Input data |

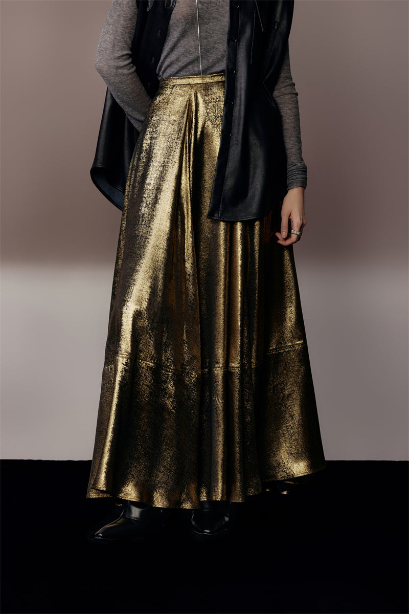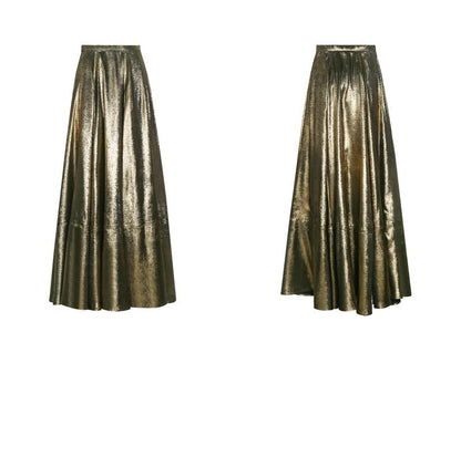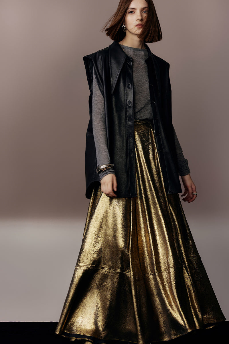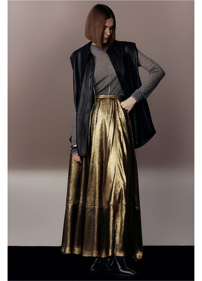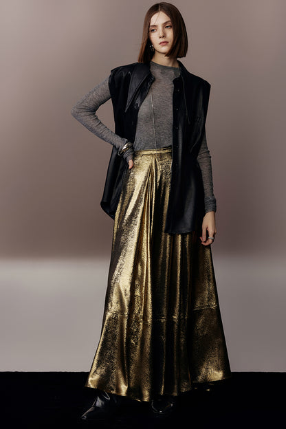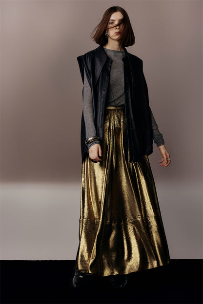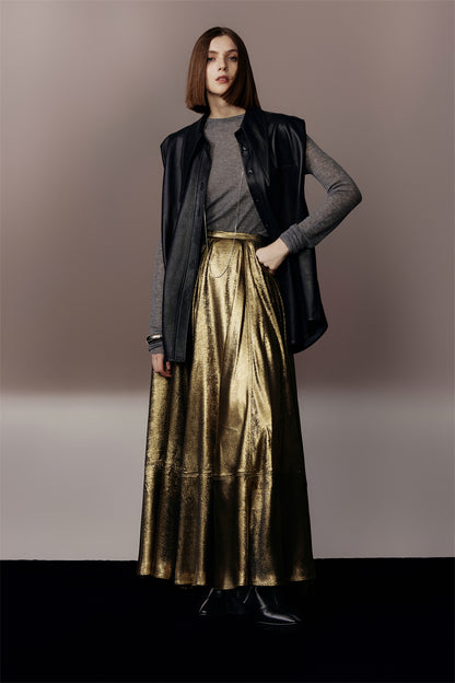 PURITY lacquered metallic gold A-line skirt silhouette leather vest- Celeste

--

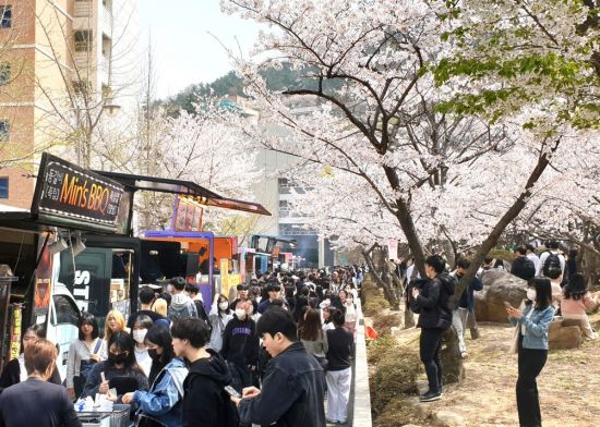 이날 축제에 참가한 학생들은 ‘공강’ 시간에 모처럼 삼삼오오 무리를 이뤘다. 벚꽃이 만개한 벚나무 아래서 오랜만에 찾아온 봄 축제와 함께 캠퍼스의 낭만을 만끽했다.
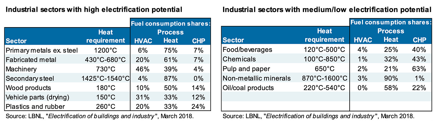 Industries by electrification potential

Work order | Using the material above, reproduce only the lines that run from the line with "이날 축제에 참가한 학생들은" up to and including the line with "Industries by electrification potential", exactly, with the pictures dropped.

Exercise result |
 이날 축제에 참가한 학생들은 ‘공강’ 시간에 모처럼 삼삼오오 무리를 이뤘다. 벚꽃이 만개한 벚나무 아래서 오랜만에 찾아온 봄 축제와 함께 캠퍼스의 낭만을 만끽했다.
 Industries by electrification potential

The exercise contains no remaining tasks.